Estate Planning
An Experienced Estate Planning Attorney Who Listens
If you do not have an estate plan in place — or if you have not reviewed your plan in several years — how your legacy will be distributed may not match your interests. In the absence of a plan, Florida laws take over to dictate who will get your assets. The laws do not take into account your desires, individual family dynamics, or even the well-being of your loved ones in directing how your property will be distributed.
At the Law Office of Amy B. Van Fossen, P.A., in Melbourne, Florida, we have guided families in all economic brackets and age groups through the process of creating a plan to protect assets for more than a decade while helping to minimize or eliminate the probate process. Because each family is unique, it is critical for you to work with a knowledgeable lawyer to craft the plan best suited to your needs. We meticulously work with each client to create the legal documents to comprehensively meet their individual goals. Learn more about Estate Planning at one of our Estate Planning Workshops.
The Five Most Important Estate Planning Documents
1. Revocable Living Trust
A Revocable Living Trust is a written document that is created during your lifetime for the protection, management, and distribution of assets should you become incapacitated, challenged by the symptoms of aging, or pass away. By stating your beneficiary designations, a Revocable Living Trust indicates how you, the estate owner, want your transfer of assets to occur upon your death, and it can be amended or revoked during your lifetime.
2. Last Will and Testament
The Last Will and Testament is a written document that indicates how your property (i.e. real estate, personal possessions, bank accounts, retirement accounts, etc.) will be distributed at the time of your death. It may also include instructions about the care of and appointment of a guardian for minor children.
One difference between a Revocable Living Trust and a Last Will and Testament, is that a Last Will and Testament goes into effect only when you die, while a Revocable Living Trust is effective both during your lifetime and after your death. If you’re unable to manage your own affairs, a Last Will and Testament doesn’t give anyone else the right to manage them for you.
3. Living Will & Designation of Health Care Surrogate
A Living Will is a legal document that makes known your wishes regarding life prolonging medical procedures. A Living Will informs your health care providers and family of your desires for medical treatment in the event you become incapacitated or unable to speak for yourself. A Designation of Health Care Surrogate is the document that gives another person the right to make medical decisions on your behalf should you become unable to do so yourself. It can include special instructions about treatments that you do or do not want.

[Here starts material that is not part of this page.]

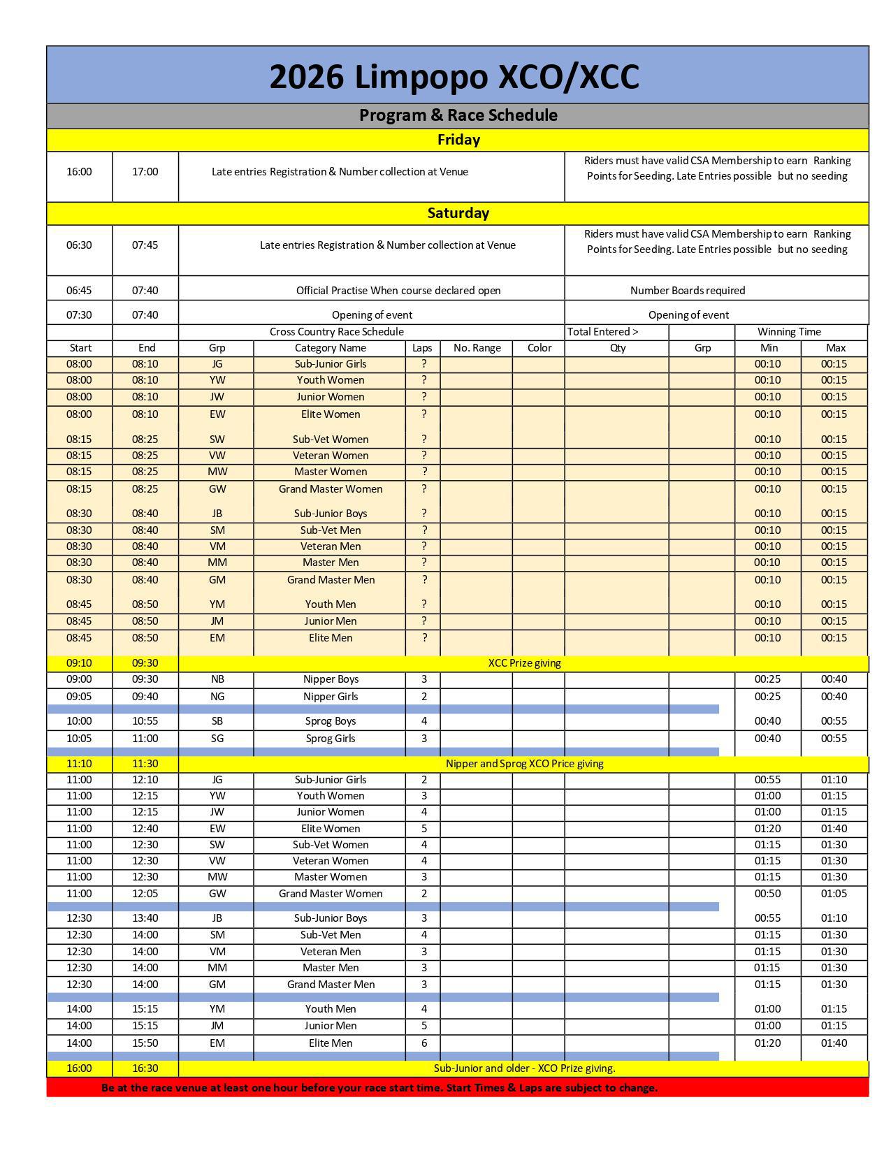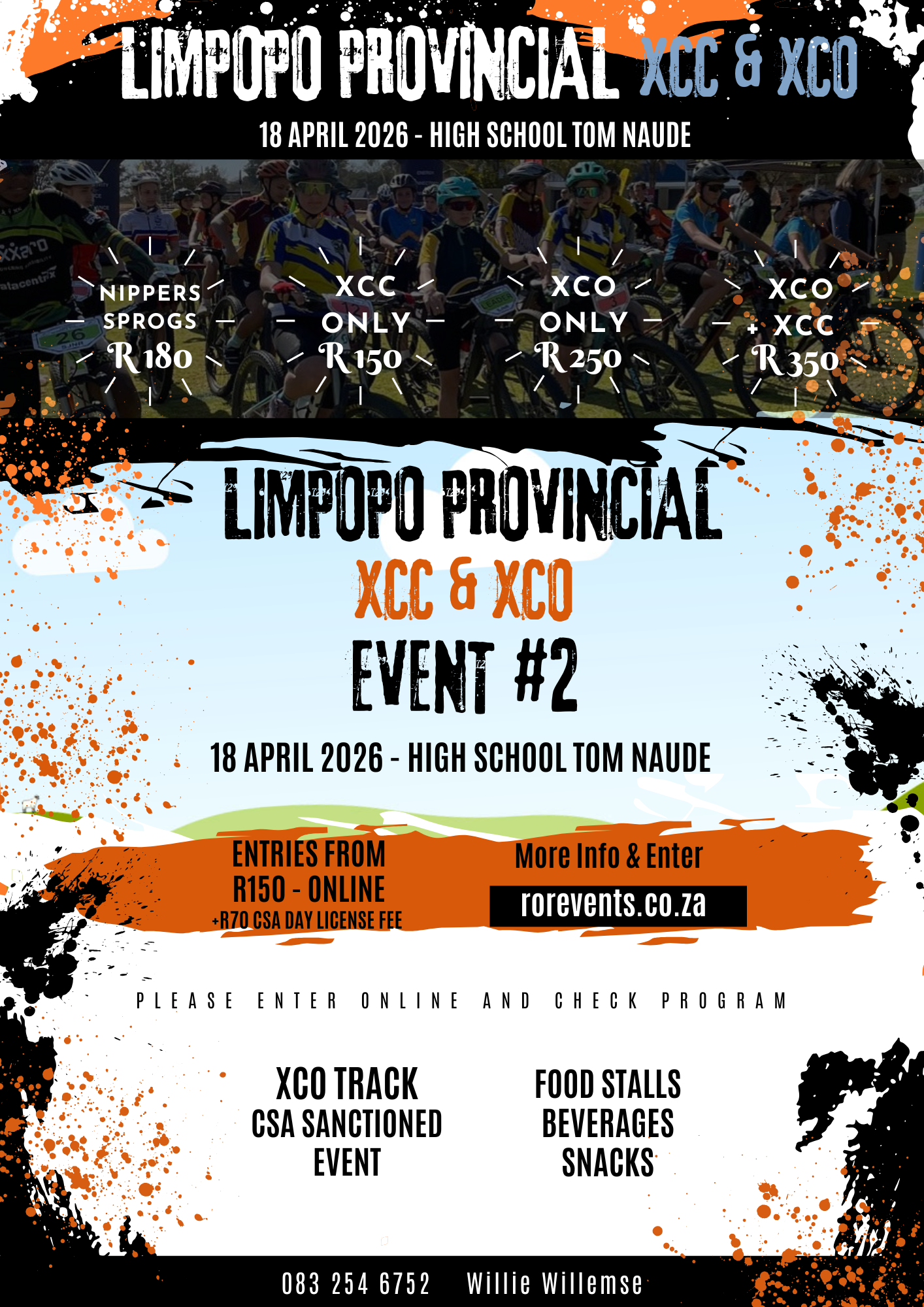 | R180 - Ages 8-12 | R150 - XCC ONLY ages 13+ | R250 - XCO ONLY ages 13+ | R350 - XCC + XCO ages 13+ |

4. Declaration Naming Preneed Guardian
A Declaration Naming Preneed Guardian is used to designate, in advance, the person you want to manage your affairs and act as your guardian should you become mentally or physically disabled or incapacitated and unable to manage your own affairs, property or health. By signing this document, you decide who should handle your affairs rather than having the court step in and decide who should do so for you.
5. Durable Power of Attorney
A Durable Power of Attorney is a legal document that gives the person you choose, i.e., your agent, the power to act in your place regarding your financial affairs. This document is most often used if you become incapacitated and unable to handle your financial matters on your own.